Munitevi di una bussola e di un buon binocolo per meglio orientarvi ed osservare con più precisione le centinaia di specie animali che incontrerete sul vulcano;

Per n on disturbare la fauna percorrete i sentieri in silenzio e senza uscire mai dai percorsi segnalati.  Naturalmente non sporcate, non accendete fuochi per le grigliate all’aria aperta invece di sfruttare i diversi posti attrezzati nella pinete di bassa quota;

Non avventuratevi mai in escursioni solitarie: seguire questi itinerari ideati e realizzati dall’Ente Parco dell’Etna per ammirare tutte le peculiarità del vulcano in modo sicuro e senza alcun rischio.
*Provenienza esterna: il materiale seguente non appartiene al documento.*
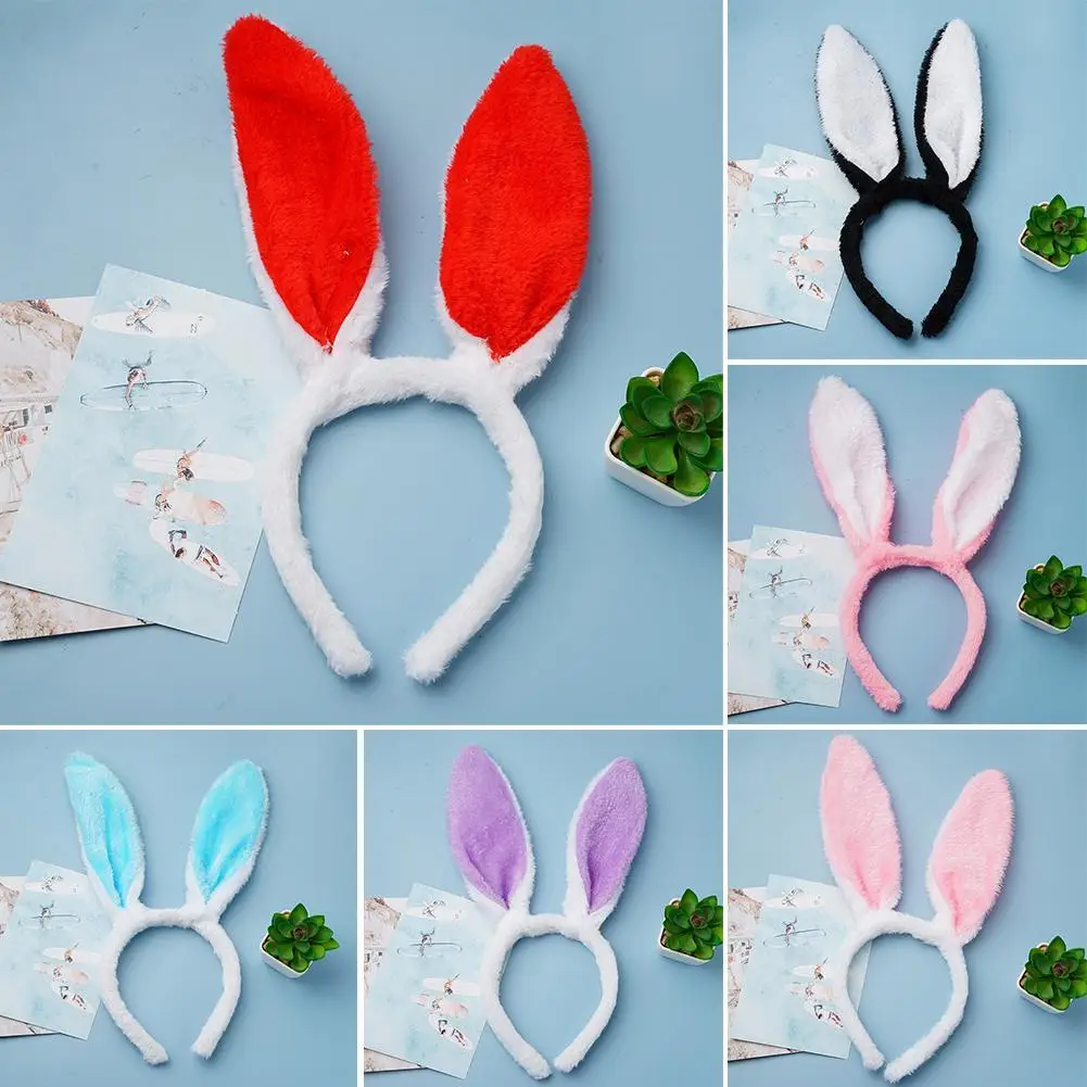 Повязка на голову с милыми кроличьими ушками, плюшевая повязка на голову с ушками, аксессуары для волос для девочек в стиле аниме

Se siete davvero esperti e proprio non riuscite a resistere al fascino della scoperta, stilate un programma della vostra escursione (da effettuare almeno in due) con l’elenco dei partecipanti e i loro dati anagrafici, il percorso che si intende fare, l’ora di partenza e quella presunta per il ritorno. Consegnate il documento agli uffici della Forestale o del Soccorso Alpino presenti nelle stazioni turistiche in quota.

Al termine della gita , non dimenticate di informare gli uffici del vostro ritorno.